Ranjona Banerji: Arnab losing mojo outside studio?

11 Sep,2012

By Ranjona Banerji


According to popular opinion, the normally bristling with national outrage Arnab Goswami went easy on Raj Thackeray. He was gentle in his technique and let Thackeray get away with confusingly contradictory rhetoric. Perhaps Goswami loses his mojo when he’s out of his studio. Maybe Thackeray’s sneering aggression troubled him. But it was an interview which exposed both participants. Thackeray was petty. And Goswami was not in his best “India wants an answer” mood.




By the time the weekend was over however we had new excitements in our lives. A young cartoonist with an FIR and court order against him was arrested in Mumbai on charges of sedition. Aseem Trivedi arrived in Mumbai from Kanpur, went to the BKC police station and surrendered. He has some connection with the India Against Corruption movement, so some of them were there with some TV-inspired drama all around.


Social media was spewing venom at the political class for being against cartoons as were general comments on TV news. But which politician had got Trivedi arrested for sedition? Politicians may be against freedom of expression at most times, but who was the villain here?


There was no overt political villain as it happened. A Republican Party of India worker had taken exception to Trivedi’s cartoons. Information and broadcasting minister Ambika Soni said the UPA government was all for freedom of expression but desecration of institutions was unacceptable.


The problem is that viewers were not shown the cartoons. Later, on Times Now, we were told they were so horrible that they could not be seen.


After that, the discussion went from freedom of expression to sedition laws to bad taste and everywhere but didn’t inform the view about the exact charges. Kiran Bedi did try on both CNN-IBN and Times Now but none of the senior editors found the details worthy enough to be revealed.


Rajdeep Sardesai and Press Council of India chairman Markandey Katju had a discussion on CNN-IBN about how politicians had to be taught a lesson and how we were a democracy and the importance of freedom of speech. But Katju did not seem to know that politicians were not directly involved – if at all – and Sardesai did not enlighten him.


None of the TV discussions looked at the sedition laws in detail either, although surely they are an issue. Because cartoonists like Sudhir Dar, Sudhir Tailang and artists like Anjolie Ela Menon were guests, the tenor was more civilised than usual.


Sardesai spoke over his guests so we missed some of what they had to say. Goswami was very upset that the cartoons were so disrespectful and crass.

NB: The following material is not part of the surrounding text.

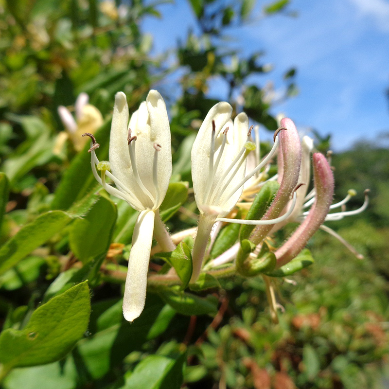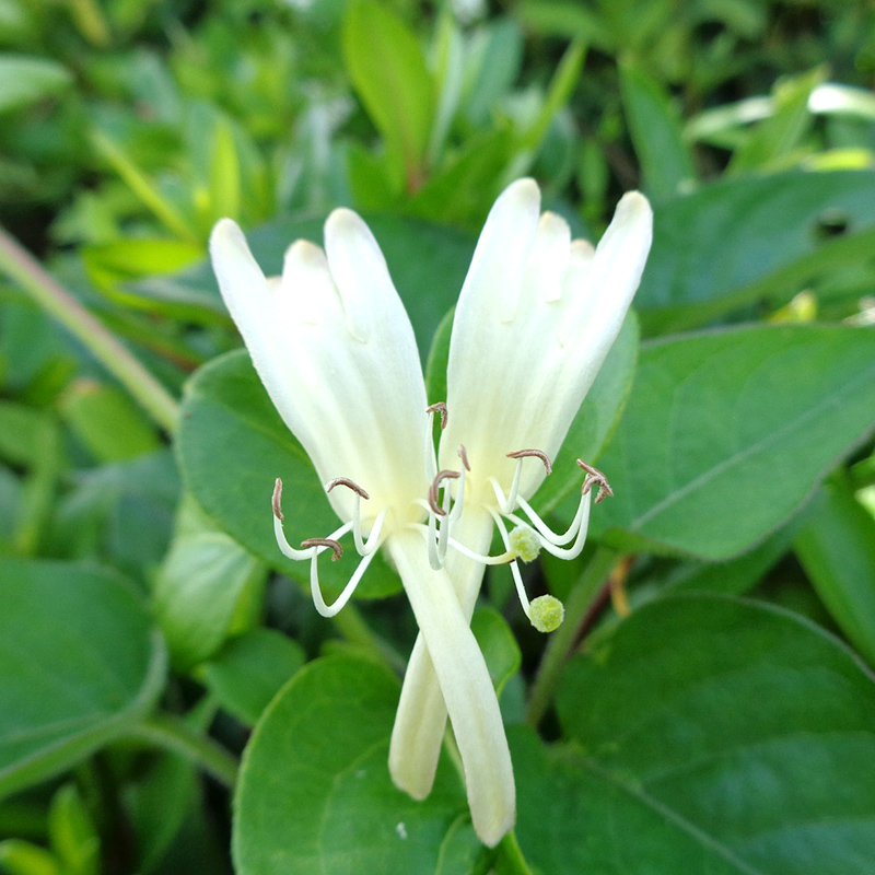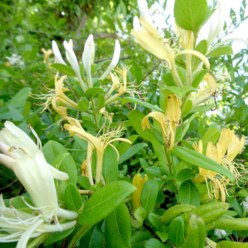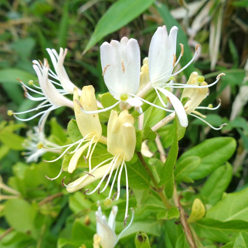 ⑤吸葛(スイカズラ)が咲いています。花の色が白から黄に変化していくことから「金銀花」とも呼ばれます。
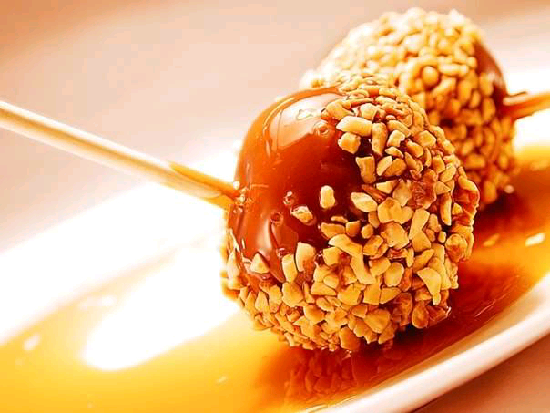 Вставляем в сердцевину яблок палочки и осторожно окунаем их в карамель, после чего макаем тут же в приготовленные украшения: для этого размельчим орехи, шоколад, или приготовим просто цветную посыпку. Тут уж полагаемся на Вашу фантазию и изобретательность!

Tuesday morning’s newspapers put some of the facts out there – that the Maharashtra home minister had distanced the state from the sedition charges, that the local police had perhaps gone too far with sedition, that the state home department had pressed the police to drop the plea for further police custody. Most importantly of all, the newspapers introduced us to the complainant, who had filed the charges after the IAC rally at the Bandra Kurla Complex in December 2011.


The Times of India also quotes Jawaharlal Nehru on the sedition law (he wanted to get rid of it). But an informed debate on this sedition law is perhaps now required, which is what this cartoonist also wants. Whether we as a nation are still capable of public informed debates is another question.